(Source material begins)

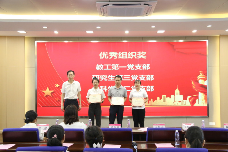 学院党委委员宣读2021~2022年度优秀共产党员、优秀党务工作者和先进基层党组织和“学习强国”积极分子表彰名单,进一步激励党员干部坚定理想信念,发挥先进典型和示范引领作用,奋进新时代、担当新作为。
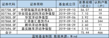 据wind数据显示,首批的6只浮动净值型货币基金共募集了75.44亿元,其中,渠道优势相对明显的中银瑞福为目前规模最大的一只,首募达56.07亿元,华安现金润利规模在7.1亿,其余4只规模均只有2-4亿的水平,相比于传统型货基的规模要低了不少。
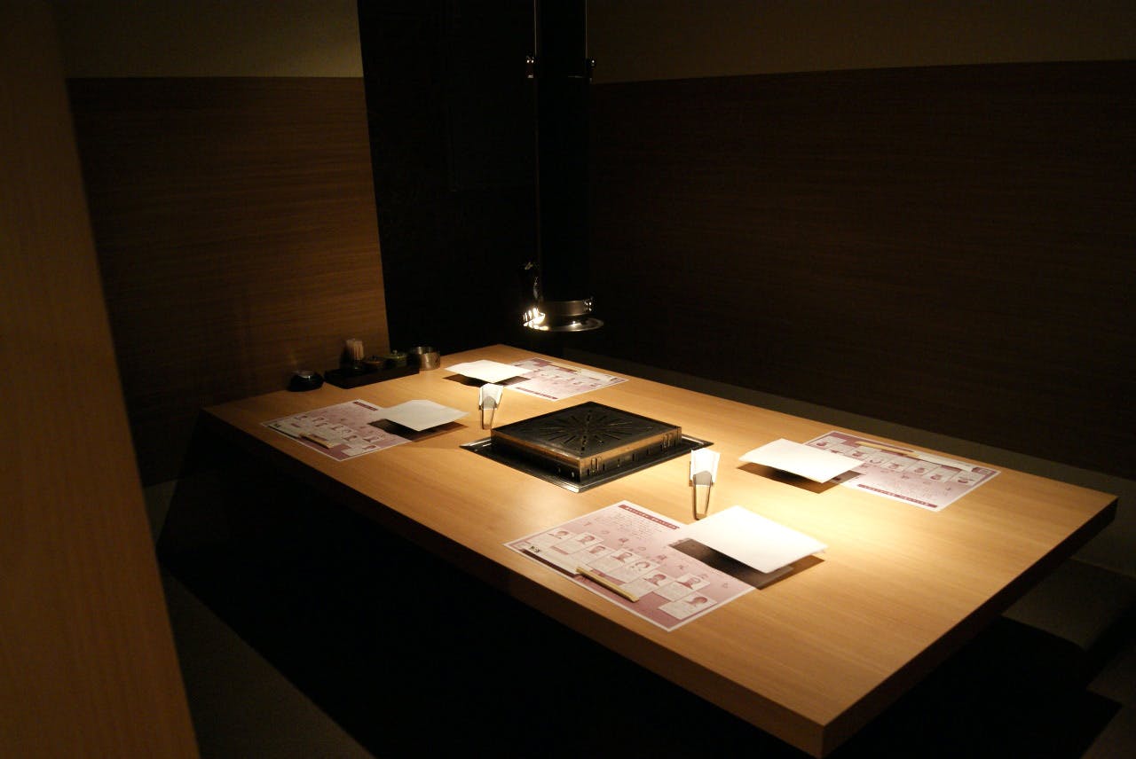 お部屋には鹿児島の地名の名前が付けられており、エントランスには雄大な桜島画がお出迎えいたします。全室個室のため、小さなお子様連れでも安心してご利用いただけます。排煙設備も完備しておりまして、煙やにおいを気にせず焼肉を楽しめるのも魅力。ゆっくりと寛ぐことができる掘りごたつタイプのお部屋。靴を脱ぎたくない方にはテーブル席もご用意しております。最大26名様まで対応可能ですので、デートや、友人との集まり、会社宴会など幅広くご利用ください。

(Source material ends)

Reproduce the listing word for word. Do not carry over the pictures.

 学院党委委员宣读2021~2022年度优秀共产党员、优秀党务工作者和先进基层党组织和“学习强国”积极分子表彰名单,进一步激励党员干部坚定理想信念,发挥先进典型和示范引领作用,奋进新时代、担当新作为。
 据wind数据显示,首批的6只浮动净值型货币基金共募集了75.44亿元,其中,渠道优势相对明显的中银瑞福为目前规模最大的一只,首募达56.07亿元,华安现金润利规模在7.1亿,其余4只规模均只有2-4亿的水平,相比于传统型货基的规模要低了不少。
 お部屋には鹿児島の地名の名前が付けられており、エントランスには雄大な桜島画がお出迎えいたします。全室個室のため、小さなお子様連れでも安心してご利用いただけます。排煙設備も完備しておりまして、煙やにおいを気にせず焼肉を楽しめるのも魅力。ゆっくりと寛ぐことができる掘りごたつタイプのお部屋。靴を脱ぎたくない方にはテーブル席もご用意しております。最大26名様まで対応可能ですので、デートや、友人との集まり、会社宴会など幅広くご利用ください。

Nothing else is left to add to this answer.